Application of the hermeneutic of justice is strongly criticized.  David Jensen suggests that this hermeneutic views Scripture as “insufficient, outmoded, or oppressive” on matters of sexuality.  He claims that Scripture is engaged with suspicion, rendering any literal reading of the Bible unacceptable, and marginalizing Scripture with its critique of the lack of erotic justice.[16]

The tensions and differences in how we interpret and engage Scripture have been and will be a consistent reality among Christians.  How then can we construct a sexual ethics that are vibrantly Christian and will serve such a diverse church?  Sexologist, William Stayton says that the “two sexual theologies cannot be reconciled or integrated.”[17]  Here he speaks of a system that judges specific acts to be immoral or moral and appeals to biblical authority for this immutable code.  The contrasting system is one that is focused on the integrity and vitality of relationships.  Stayton, after many years of ministry and clinical practice, suggests that many in conservative churches publicly proclaim the first system, but privately make their decisions on relationally based system that seems to resonate with their reality.  Such a disconnect in understanding their own lives may render many in the church unable to enter the tension and complexity and uncertainty that are an inevitable reality in the journey of risking to reflect more deeply on the framework that undergirds our sense of sexual ethics.

Questions for reflection:  What do you do when your ethical system seems to be disconnected from your own and / or others' lived reality?  

Next post:  So what does a sexual ethics of generous spaciousness look like?

-wg



[1] Farley p.182
[2] Ibid. p.190
[3] Ibid. p.190
[4] Ibid. p.194
[5]James Nelson.  “Embodiment: an approach to sexuality and Christian theology”  Augsburg Pub. 1978   p.136
[6] Stephen Barton in “Christian Perspectives on Sexuality and Gender” ed. Thatcher and Stuart  p. 460
[7] Ellison et. al. eds. “Heterosexism in Contemporary World Religion” Pilgrim Press  2007 p.39
[8] Marvin Ellison. “Making Love Just”  Fortress Press  2012 p.18
[9] I was witness to this statement at a conference where he was speaking in 2002.
[10] Ellison “Making Love Just” p.20
[11] Ellison “Making Love Just” p.20
[12] Ellison “Heterosexism in Contemporary World Religion” p.55
[13] Johanna W.H. van Wijk-Bos “How to Read What We Read”  p.63   In “Body and Soul: Rethinking Sexuality as Justice-Love”
[14] Presbyterians and Human Sexuality 1991
[15] Ibid.  p.55
[16]David H. Jenson.  The Embrace of Eros: Bodies, Desires, and Sexuality in Christianity ed. Margaret Kamitsuka (Minneapolis: Fortress Press, 2010) p. 19
[17] William R. Stayton, “Sexual Value Systems and Sexual Health,” in Sexual Health: Moral and Cultural Foundations, vol. 3¸ed. Michell S. Tepper and Annette Fuglsang Owens (Westport, CT:Praeger¸2007) p.81 


1 comment:

  1. Good post. I especially want to draw attention to the following statement:

    This is particularly true if they are reflecting on matters that do not affect them personally.

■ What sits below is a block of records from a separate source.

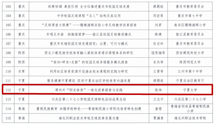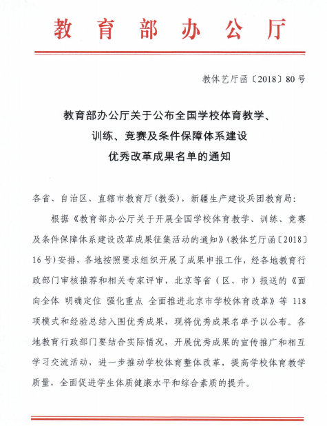2018年11月27日,教育部办公厅下发了教体艺厅函[2018]80号文件通知,公布了全国公司体育教学、训练、竞赛及条件保障体系建设优秀改革成果名单。以公司365英国上市公司副经理张炜为主持人的团队申报的教学改革成果——《课内外“阳光体育”一体化改革探索与实践》,入围全国118项优秀成果名单。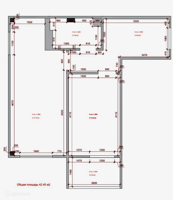 Общая площадь 42.5 м2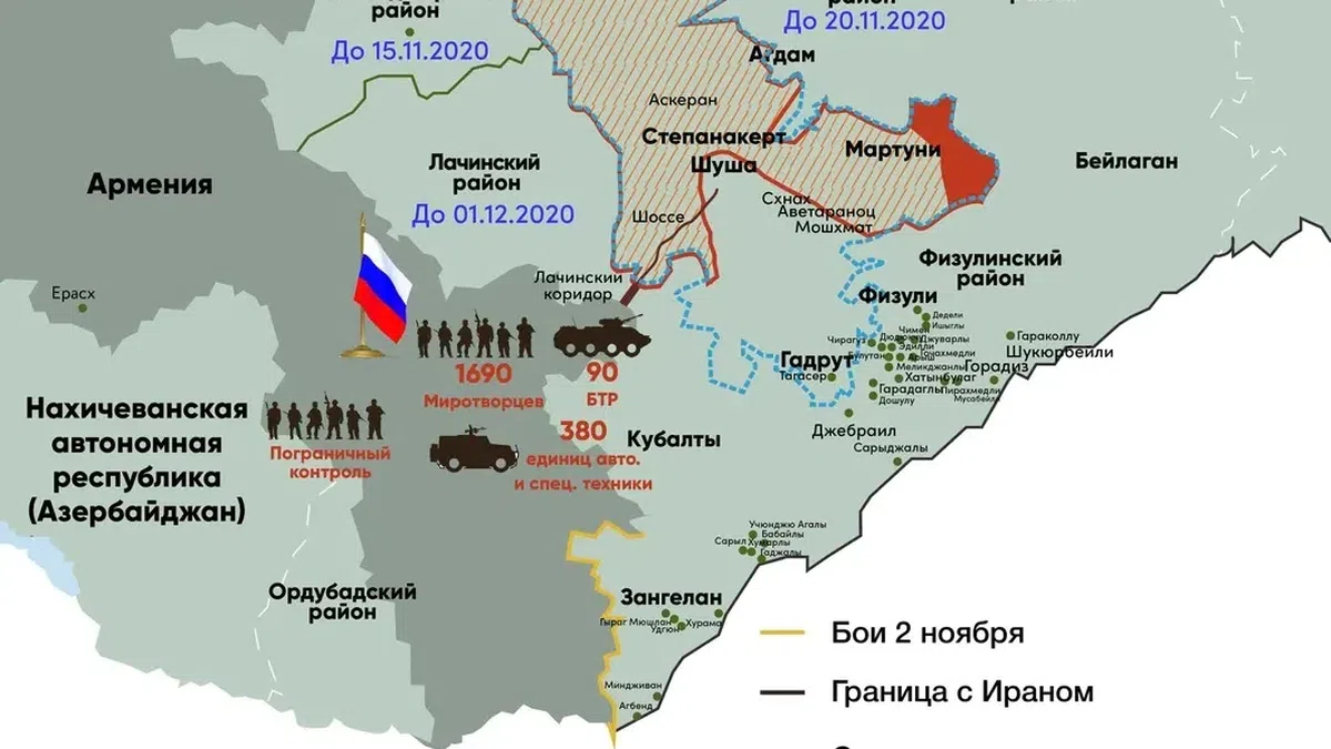 По его словам, вдоль линии соприкосновения сторон в Нагорном Карабахе и Лачинском коридоре развернули десять наблюдательных постов. Передовые подразделения бригады дошли до города Шуша, в зоне ответственности «Юг» развернуто еще четыре поста.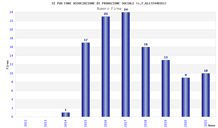 | Anno | Firme | Importi | Media | Naz. | Reg. | Prov. | Comu. |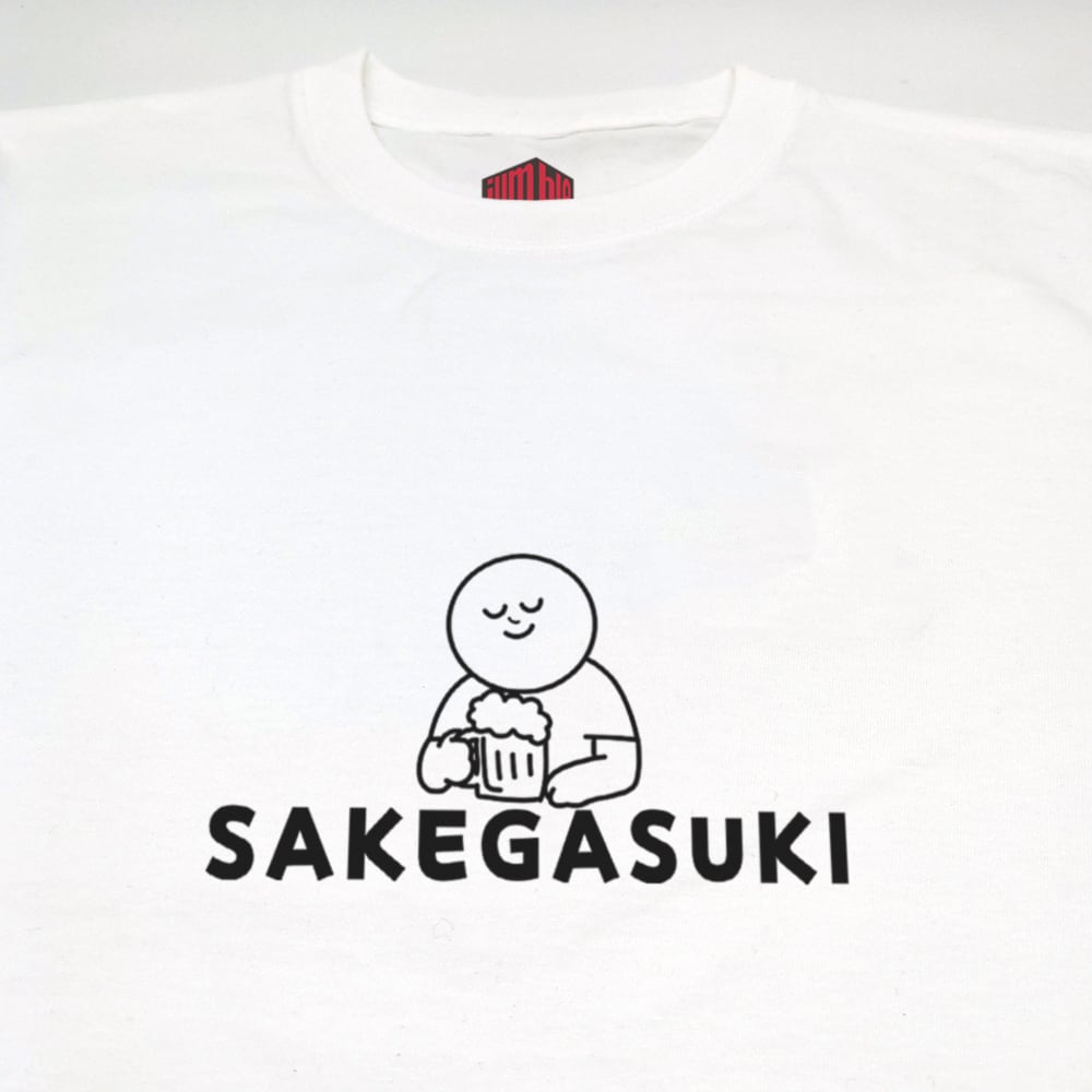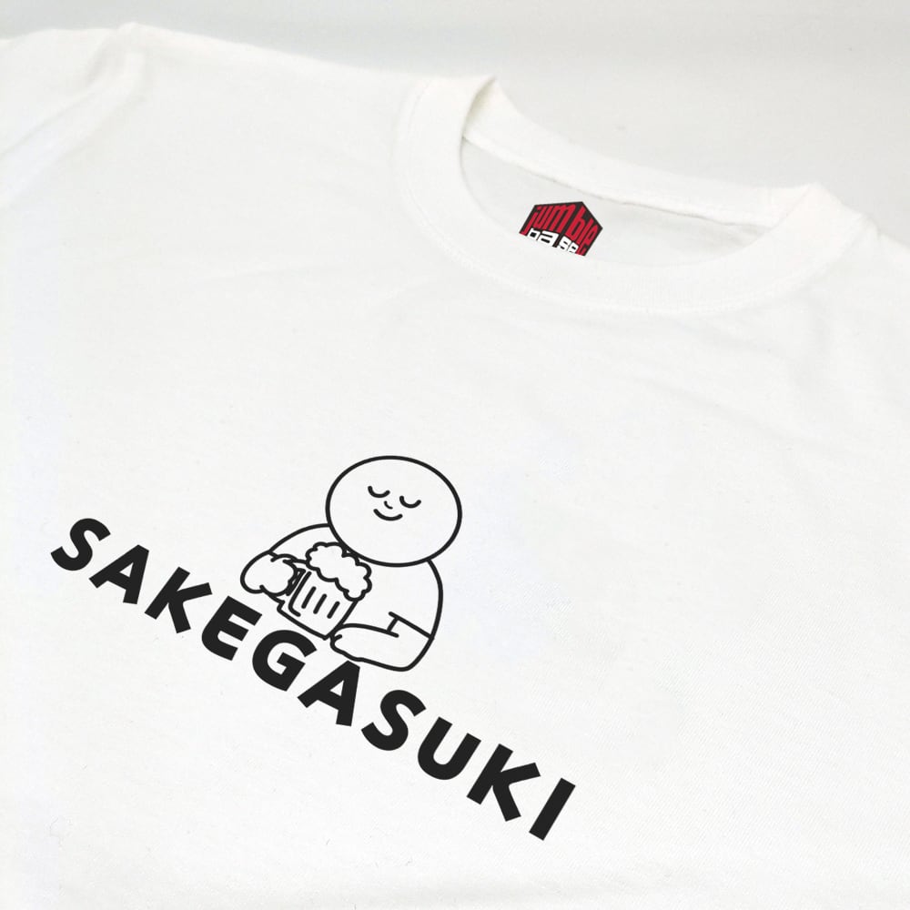 「SAKEGASUKI」の文字と、ビールジョッキを片手に幸せそうな表情のイラストを胸元にプリント。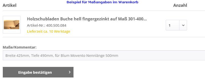 Produktinformationen "Holzschubladen Buche hell fingergezinkt auf Maß"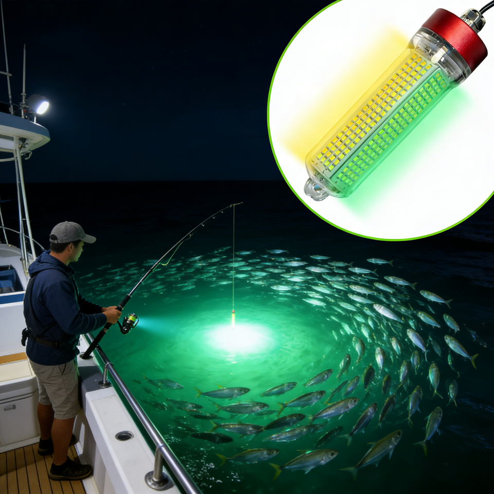 ไฟตกปลา LED กันน้ำ IP68 สองสี สำหรับล่อปลาใต้น้ำ ใช้ได้กับการตกปลาทะเลน้ำลึกและตกปลาน้ำแข็ง ชาร์จไฟได้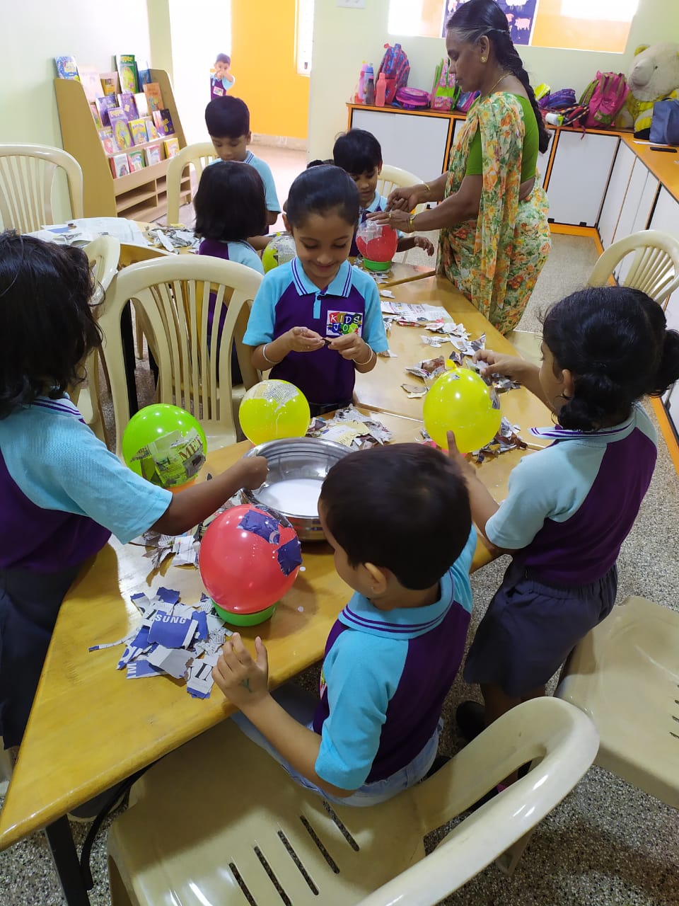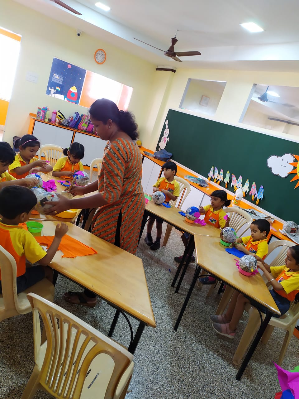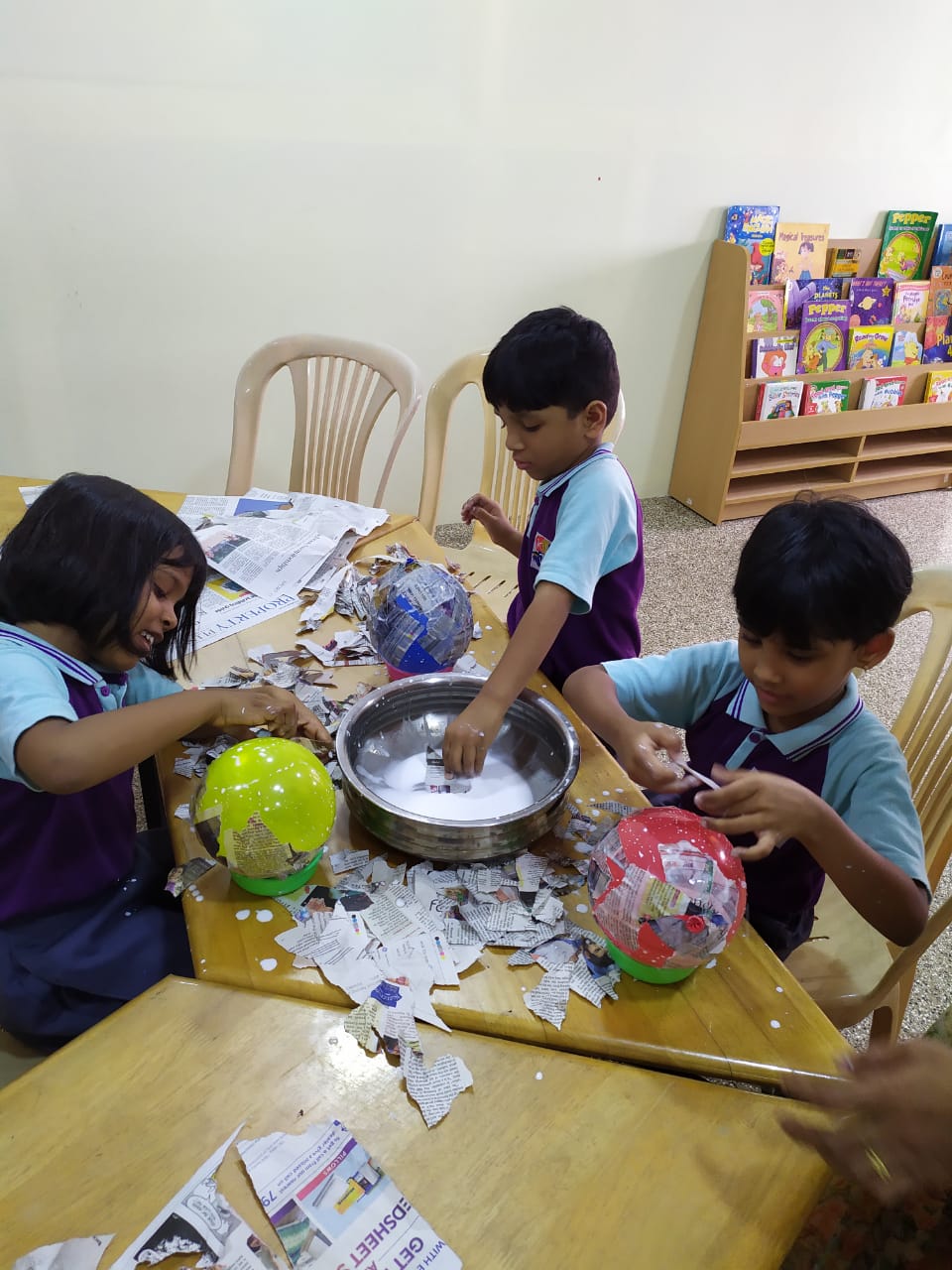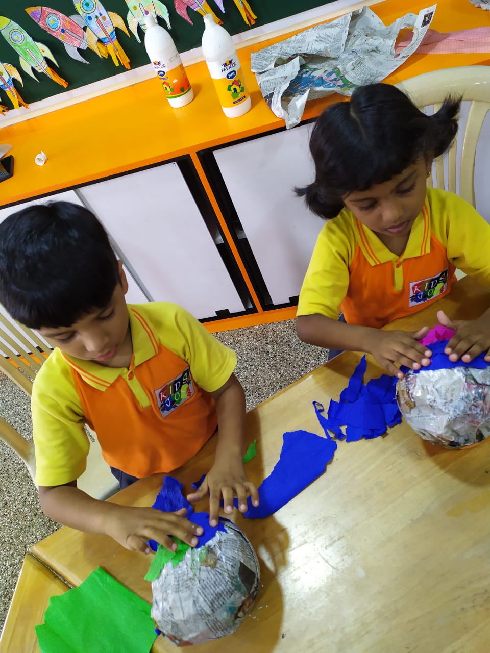 Our theme for the month was ‘The Universe’. We introduced them to what lies beyond the skies – space and the galaxies, and then the solar system. We made some paper mache planets and the children really enjoyed sticking layers of newspaper on the balloons. They then proudly hung it up in their classrooms. They also made ‘Name Rockets’ where they learnt to spell their names and write it down. At Kids Joy we believe that learning should be fun. As much as we can, we try and make it interesting for the children by using art, craft. games, etc. Therefore even a simple exercise like learning to write their name, can be made so much more fun by using methods like these.

    I think that this is an important thing to keep in mind when discussing ethic of any sort, not just ethics surrounding (non-cisgender and/or non-heteronormative) sexuality. When i was in college, I took an introductory course in ethics/morality, and the instructor stressed that developing a moral framework is often personal and meant to focus on helping the individual make hir own choices, not necessarily determining what choices others should make. Over the years, I've come to appreciate my old instructor's position on the matter.

    I'd also say that it's one of the things I appreciate about generous spaciousness because it seems to share that focus, especially in the way it tends to focus on how to respond to others' choices and views and how to treat them as people rather than on dictating what their choices should be in the first place.